⟨
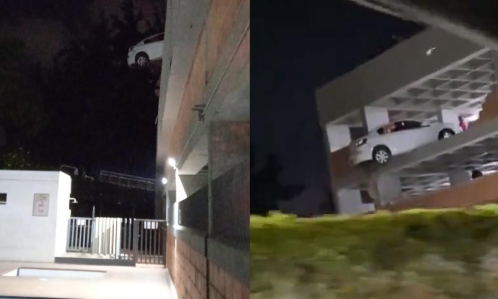 Vehículo a punto de caer desde tercer piso de parqueadero en Rionegro
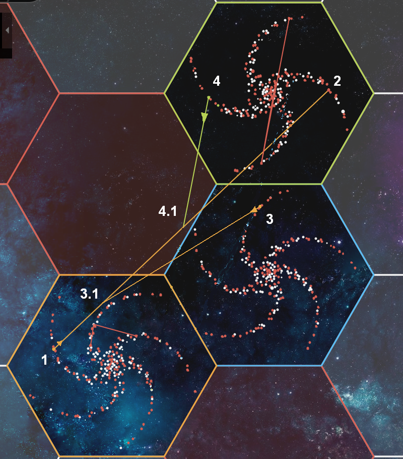 Например, ситуация: нужна помощь в зачистке планеты в точке 2. Связываюсь с союзниками, называю планету, они подтверждают готовность и уточняют сколько времени у них до нее лететь флоту. Дальше у игрока из альянса, он запускает флот. Его значок и траектория появляются на карте. Я и игрок из синего гекса отправляем флоты на соединение. Где-то в точках 3.1 и 4.1 флоты соединяются и дальше уже летят кучей и сразу сносят за раунд цель. Разлетаются из точки по домам. Времени потрачено минимум.
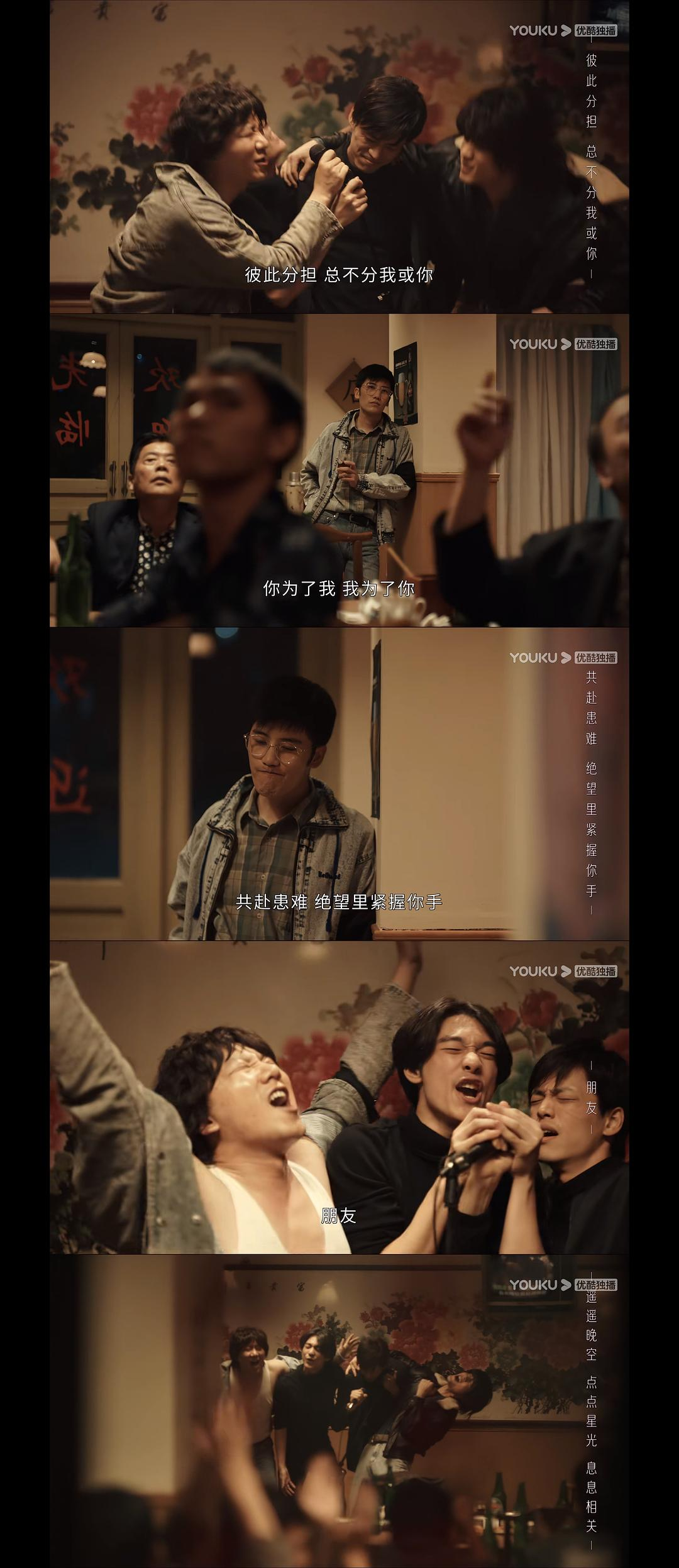 我想这也是《似火流年》会多一点打诨插科的喜剧元素在里面的原因,这本身就是一个很沉重的故事,所以放水加一点糖。如同城南五虎当年一起喝过的酒、唱过的歌、吹过的牛逼,以后都要用他们以及他们珍爱之人一生的眼泪来还。
⟩
■ **What you are asked to do**
All of the material above should be set down again exactly, though not its pictures.

■ **Your solution**
 Vehículo a punto de caer desde tercer piso de parqueadero en Rionegro
 Например, ситуация: нужна помощь в зачистке планеты в точке 2. Связываюсь с союзниками, называю планету, они подтверждают готовность и уточняют сколько времени у них до нее лететь флоту. Дальше у игрока из альянса, он запускает флот. Его значок и траектория появляются на карте. Я и игрок из синего гекса отправляем флоты на соединение. Где-то в точках 3.1 и 4.1 флоты соединяются и дальше уже летят кучей и сразу сносят за раунд цель. Разлетаются из точки по домам. Времени потрачено минимум.
 我想这也是《似火流年》会多一点打诨插科的喜剧元素在里面的原因,这本身就是一个很沉重的故事,所以放水加一点糖。如同城南五虎当年一起喝过的酒、唱过的歌、吹过的牛逼,以后都要用他们以及他们珍爱之人一生的眼泪来还。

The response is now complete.